Behind the Mask: Artists in the GDR
The self-expression of artists was the dominant topic of painting in the German Democratic Republic. All facets of this subject were explored for the first time in this exhibition.
Artists in the GDR were caught between providing a role model and retreating into seclusion, between operating within a prescribed collective and pursuing creative individuality. How did they reflect the way they saw their profession and their own take on the official mission to educate the public? This exhibition brought together works of art that in self-portraits and group portraits, role projections, and studio scenes illustrated the critical gaze they turned upon themselves. Behind the Mask: Artists in the GDR was about the self-styling of artists as individuals from 1945 to 1989, presented through four generations in paintings, photographs, prints, drawings, collages, sculptures, and performances. It proved that art cannot be reduced to ideological ascriptions.
“Unavoidably, the theme of the artist in the GDR seems to invoke the opposition between the creative individual and the all-powerful state, given that East German cultural politics, with its mixture of sponsorship, repression, and prescriptions regarding both content and form, imposed narrow limits on artists. Despite the totality of bureaucratic oversight, despite state regulation and regimentation, some leeway for artistic self-realization did exist in the GDR.”
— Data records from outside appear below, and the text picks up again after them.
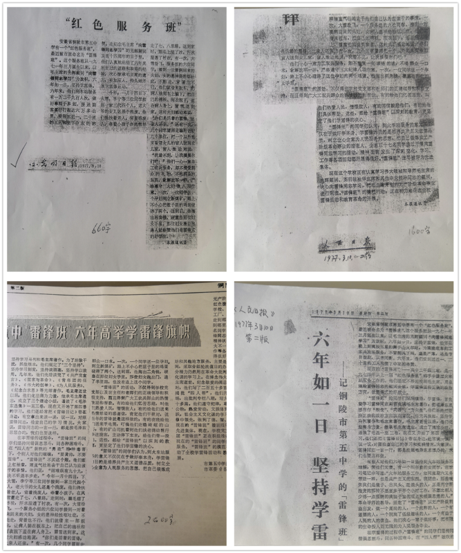 老教師們?cè)诠?jié)目中不忘初心憶往昔:五中建校至今已歷經(jīng)半個(gè)世紀(jì),當(dāng)初是礦辦學(xué)校,只有一個(gè)四合院,連做操的地方都沒(méi)有,條件十分簡(jiǎn)陋。1977年,學(xué)校被銅陵市委命名為“雷鋒班學(xué)校”,師生先進(jìn)事跡于當(dāng)年3、4月份被《人民日?qǐng)?bào)》和《光明日?qǐng)?bào)》頭版、2版分別報(bào)道,又被《安徽日?qǐng)?bào)》、《銅陵戰(zhàn)訊》登載……在銅陵教育事業(yè)的長(zhǎng)卷中留下光輝一頁(yè)。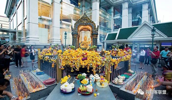 曼谷Erawan饭店旁,供奉着泰国最着名的神龛~四面佛,也就是婆罗门神像大梵天王,传说衪非常的灵验会赐福给信衪的人,因此来许愿和还愿的信徒络绎不绝。不仅有来自全国各地的信众,甚至更有人自海外千里迢迢而来。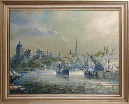 Morgendlicher Blick auf den Hafen von Lübeck, im Vordergrund einige auslaufende Dampfer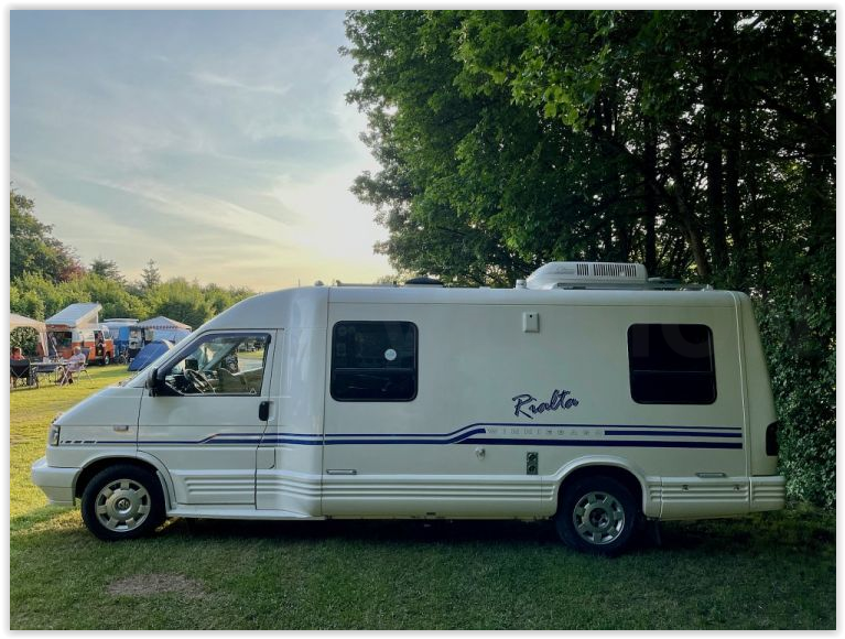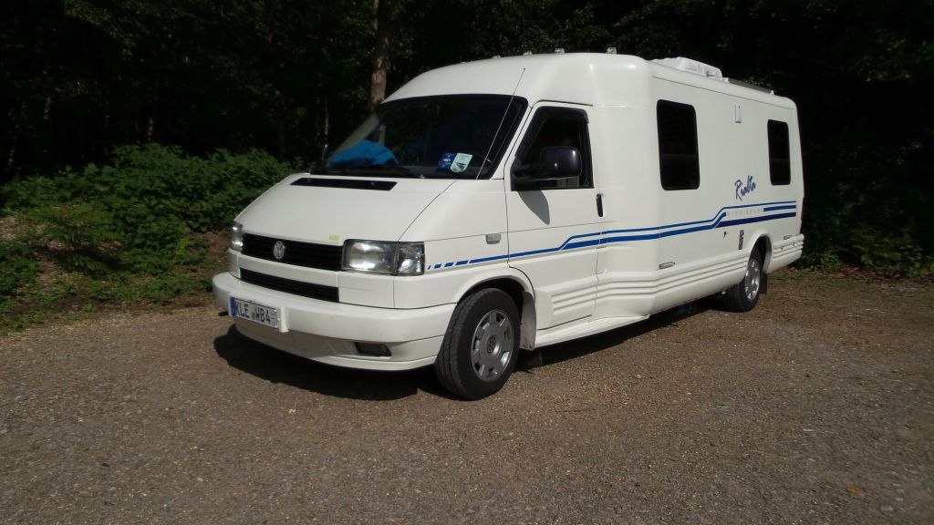 Nach einer schweren Erkrankung habe ich dieses Wohnmobil nach etwa eineinhalbjähriger Suche in Großbritanien gekauft und auf eigener Achse überführt, dass ganze wohlgemerkt vor dem Brexit! Er mußte vier Bedingungen erfüllen: für mich war die Gesamthöhe von 2,57m (mit Dachklimaanlage) entscheidend, damit er in unsere Halle hinein passt, die nur eine Einfahrtshöhe von 2,61m hat und nicht verändert werden konnte, sodass er trocken überwintern kann und dass er eine grüne Umweltplakette erhielt, damit auch Städtereisen möglich sind, ohne jedes mal vor den Städten stehen bleiben zu müßen. Für meine Frau war es wichtig eine Toilette und eine Dusche an Bord zu haben, wobei wir die Dusche in rund zehn Jahren erst einmal wirklich genutzt haben. Wir waren damit in den Niederlanden, Spanien, Portugal, Frankreich, Schweiz, Polen, Großbritanien, Belgien. geplant sind Skandinavien, Schotland und das Baltikum bis Riga (wenn Corona es wieder zuläßt). Außerdem sind wir immer wieder damit auf VW-Bustreffen in der gesamten EU, der Schweiz und Großbritanien zu finden, natürlich auch immer wieder gerne auf deutschen Treffen und haben in 2019 und 2020 unser eigenes Treffen mit Teilnehmern aus den Niederlanden Großbritanien und Deutschland ins Leben gerufen, es heißt: "Kerkgangers". den Namen erhielt es von den niederländischen Gästen, weil es in Kerken am Niederrhein stattfindet und auf deutsch soviel heißt wie: Kirchgänger. Was wünschen wir uns: Tipps und Tricks von Gleichgesinnten zu erfahren, Erfahrungen auszutauschen und eventuell auch Leute zu finden, die ebenfalls einen Winnebago Rialta auf VW T4-Basis fahren um Erfahrungen mit dem Fahrzeug auszutauschen.

With this exhibition, the Museum Barberini began to explore the Hasso Plattner Collection of GDR art. Building on in-house holdings, the show brought together more than one hundred works by eighty artists, including loans from private collections as well as museums in Berlin, Dresden, Leipzig, and Halle. The selection included works by Karl-Heinz Adler, Strawalde (Jürgen Böttcher), Hartwig Ebersbach, Hermann Glöckner, Hans-Hendrik Grimmling , Bernhard Heisig, Wolfgang Mattheuer, Harald Metzkes, A. R. Penck, Stefan Plenkers, Evelyn Richter, Arno Rink, Willi Sitte, Werner Tübke, Elisabeth Voigt, Trak Wendisch, and the artist group Clara Mosch. The exhibition provoked extensive debates in the German media.
Retrospect
The exhibition, sponsored by Federal President Frank-Walter Steinmeier, illuminated the exhibited works in the tradition of European art and gave voice to a younger generation of researchers. Works were received on loan from institutions including the Nationalgalerie Berlin, the Brandenburgisches Landesmuseum für moderne Kunst, the Staatliche Kunstsammlungen Dresden, the Kunstmuseum Moritzburg, and the Museum der bildenden Künste Leipzig.